What actually breaks when you try to model complex ROI scenarios without touching code?

We’re evaluating whether to try building ROI scenario models ourselves using a no-code builder instead of having our analytics team build them. The appeal is obvious: business users could modify assumptions and test different process configurations without waiting for a developer.

But I’ve worked with no-code tools before, and I know there’s always a point where the constraints show up. With ROI modeling, that point probably comes when you need conditional logic, dynamic calculations based on changing variables, or the ability to handle process variations that don’t fit neatly into the tool’s workflow model.

We’re not talking about simple calculators.
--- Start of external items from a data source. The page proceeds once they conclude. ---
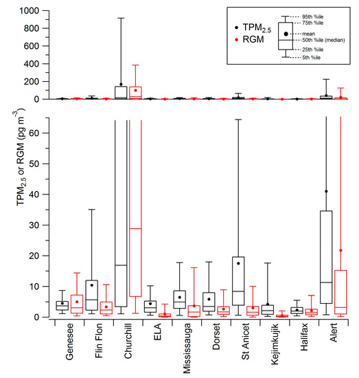 Measurements of RGM, TPM2.5 and GEM at sites measuring atmospheric Hg speciation concentrations are summarized in Table 2. A box and whisker plot of RGM and TPM2.5 is shown in Figure 3. At Alert and Churchill, the two sites bordering sea ice, RGM and TPM2.5 levels spike in the spring due to AMDEs, when GEM is oxidized to RGM periodically [27]. While the highest RGM and TPM2.5 concentrations were measured at Churchill, it should be noted that the Alert probability distribution represents data from several years and includes low RGM measurements from fall and winter. Data from Churchill were only collected for one spring and summer and therefore are more weighted by the spring months when RGM and TPM2.5 values are high. Both sites have RGM and TPM2.5 distributions highly skewed towards higher concentrations (mean >median), as expected of a site that is observing a local “source;” in this case, formation of RGM by local or regional chemistry [27,32].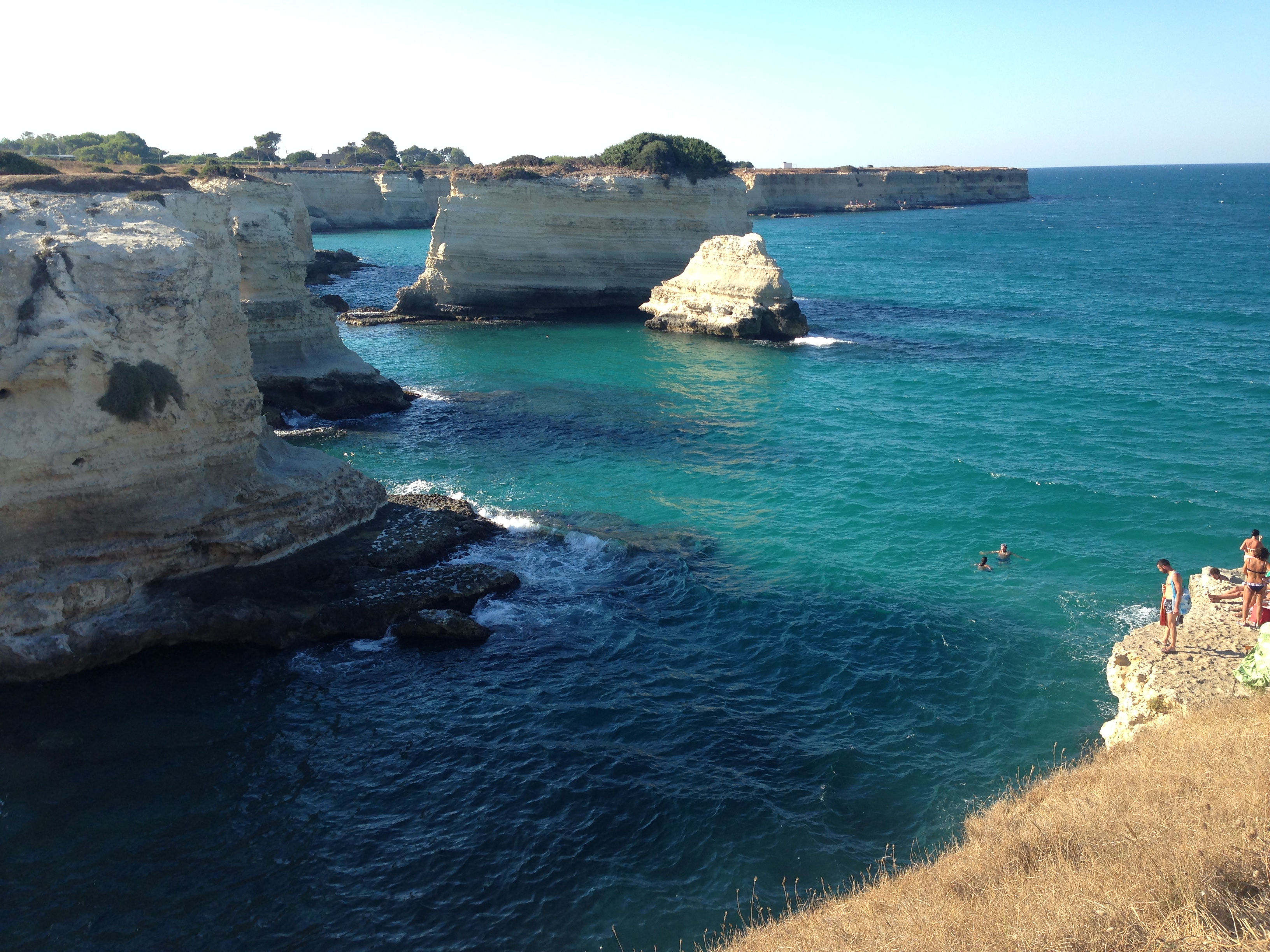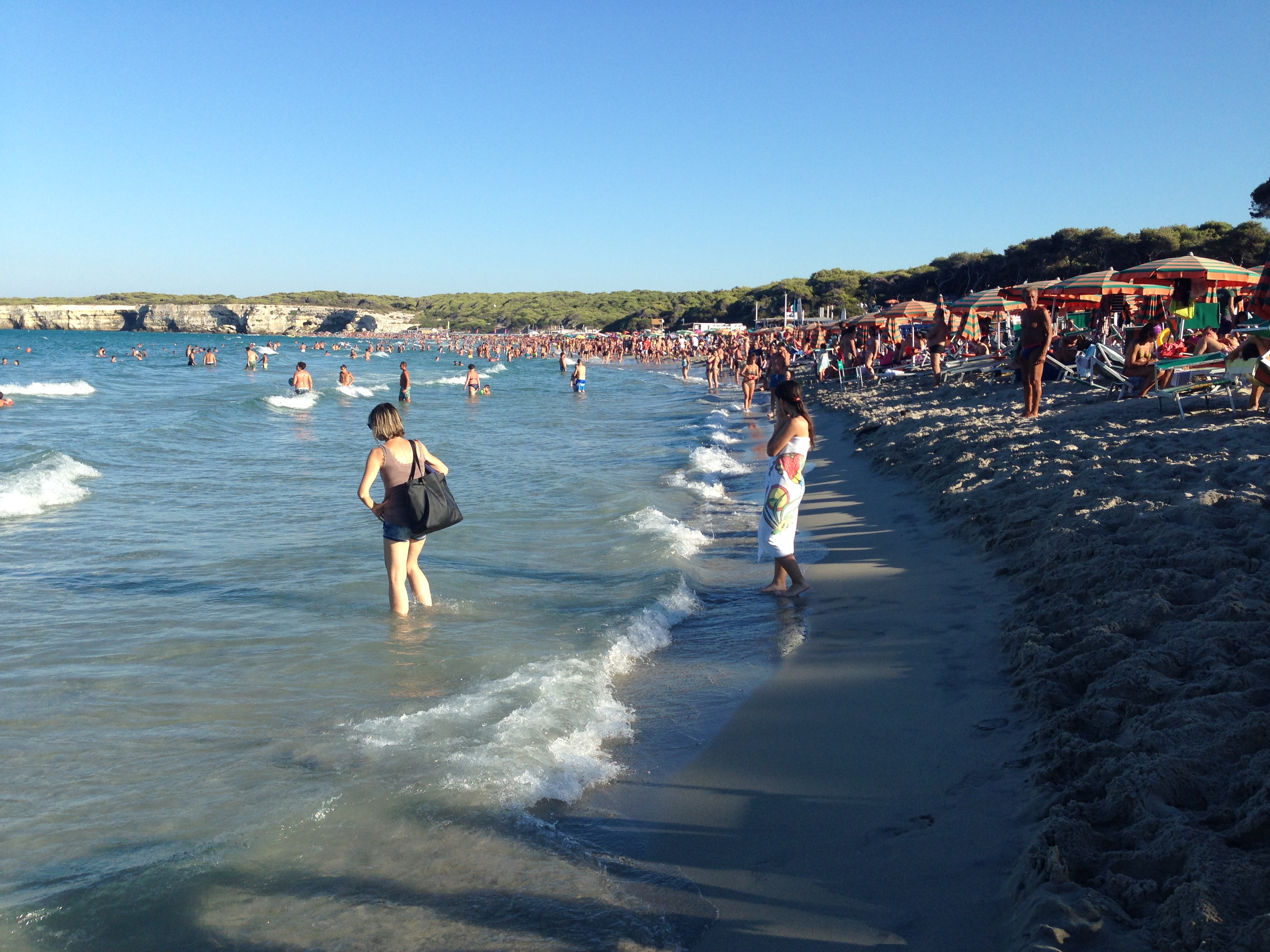 Y luego, rumbo a Otranto, donde por fin nos encontramos con Francesca, que nos ha acogido en su casa, en Martano. Francesca es amiga mía de hace años, la conocí a través de mi amiga Cristina, con quien compartió piso en Sevilla. Es una trotamundos, y una persona encantadora. Quedamos con ella en un sitio increíble, Puerto Badisco, donde nada más llegar nos zampamos un Pezzo, en el bar Skile (creo que se llamaba). El pezzo es un bocata pero con pan de pizza. Increíble de bueno el mío, de berenjenas, calabacín y pimientos a la parrilla. ¡Y al mar! ¡Qué mar!!! ¡Qué agua!!! Por fin pedazo de baño entre rocas calcáreas, hermosísimo el sitio, el agua transparente. Eso sí, aquí en Italia, en agosto, en la playa hay gente por castigo. Siempre lleno de gente. Difícil acomodar tu toalla. Ya sea en roca o en playa.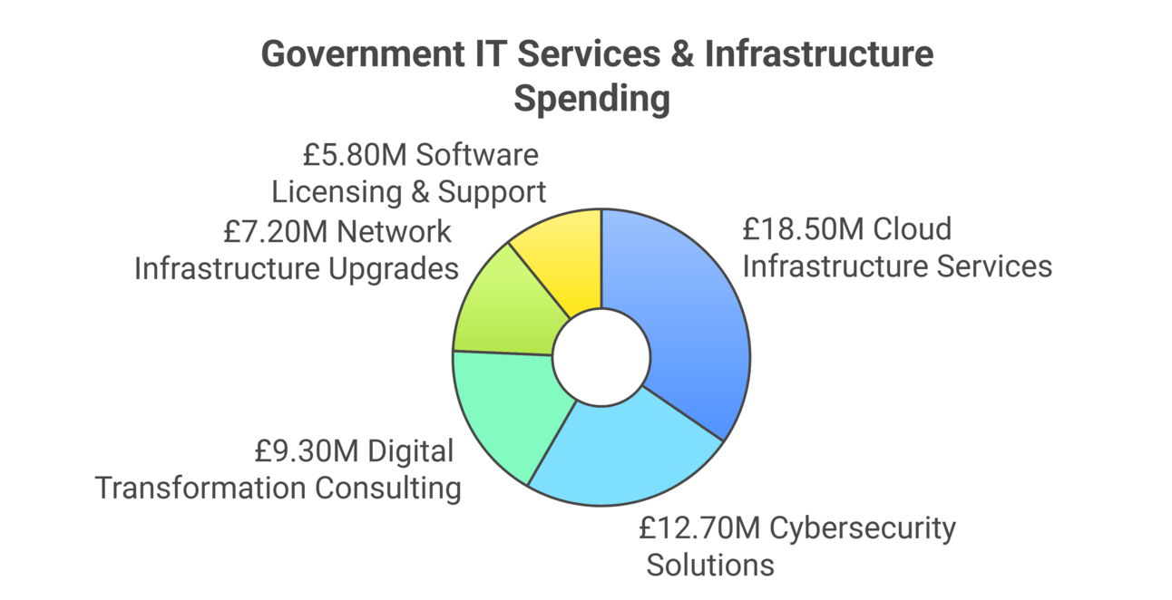 Supplier Concentration: The top 5 suppliers (Accenture, IBM, Capgemini, Deloitte, and BAE Systems Applied Intelligence) received 63% of today's IT contract value, raising concerns about market concentration.

We need models that can show payback periods across different deployment speeds, handle cost variations by department, and adjust for different labor costs. That’s not trivial.

I’m wondering: at what point does the no-code builder stop being sufficient? Is it when you need custom calculations? When you’re trying to model something that doesn’t fit a linear workflow? When you need to pull data from multiple sources and combine it in ways the tool doesn’t expect?

Has someone actually built a realistic ROI model without code and hit the wall where it just wasn’t possible?

No-code handles basic scenarios fine. Complex logic with multiple variables and conditional branches? You’ll rebuild or need code. Expect constraints around dynamic calculations.

You’ll hit limits when modeling requires iterative recalculation or sensitivity analysis. No-code is linear, not iterative. That’s the real constraint.

Start with no-code. When you need logic that requires actual programming, you’ve found the boundary. For ROI, that’s usually around conditional cost adjustments.